Malaysia submarine deal: Political analyst says $47 million payment not used to bribe

Malaysia submarine deal: Political analyst says $47 million payment not used to bribe
PHOTO: The Straits Times

PETALING JAYA: Political analyst Abdul Razak Baginda said that while he was paid €30million (S$47 million) to act as a consultant in the Scorpene submarine deal in 2002, none of the money was used to bribe officials.

Abdul Razak told the Financial Times that he was paid the sum to consult on the French deal, lobby for it and oversee the eight years of its execution.

"It was a legitimate agreement.

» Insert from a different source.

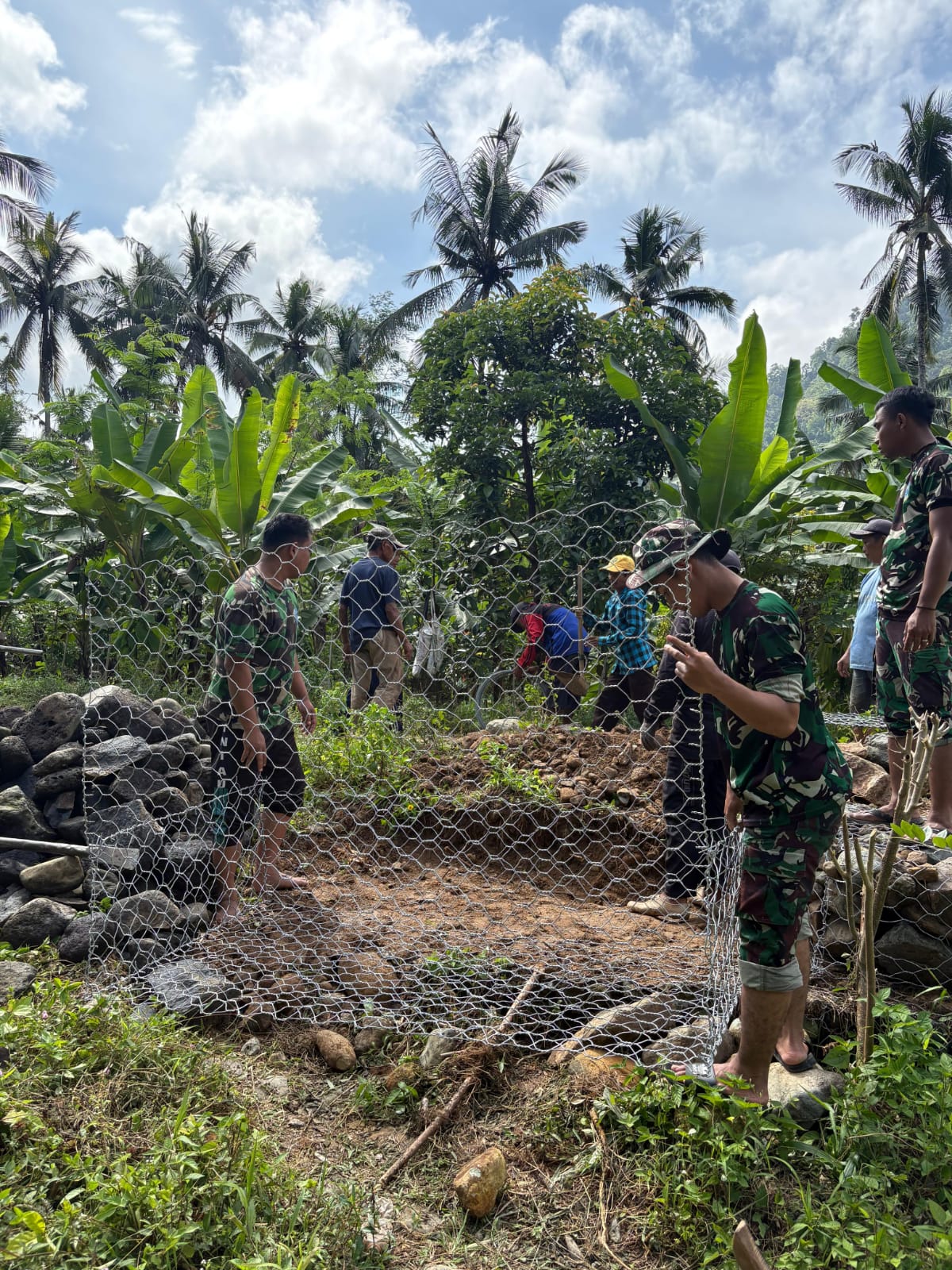 Pekerjaan ini melibatkan personel Satgas TMMD bersama warga setempat yang bahu membahu memasang bronjong di tepi sungai guna mencegah longsor dan erosi, terutama saat musim hujan tiba.

I did my job and I got paid for it.

"And I never paid any official," Abdul Razak said.

The US$1.2 billion (S$1.69 billion) arms deal has been riddled with allegations of corruption and kickbacks.

Abdul Razak, who is now the director of British-based charity Islamic Peace Foundation, added that he had never been a paid adviser to Prime Minister Datuk Seri Najib Tun Razak, who was Defence Minister at the time.

He said that he had written speeches for Najib and had accompanied him on foreign trips, but had rarely talked to him about the submarine deal.

Abdul Razak was responding to the indictment of Thales Inter-national Asia's former president Bernard Baiocco last December for active bribery of foreign public officials.

The London-based newspaper also reported that the Paris prosecutor's office confirmed Baiocco had been placed under formal investigation on suspicion of "bribery of foreign public officials" and "complicity in misuse of corporate assets".

The inquiry relates to the sale of the pair of Scorpene-class attack submarines from a joint venture between Thales and defence company DCN, now called DCNS.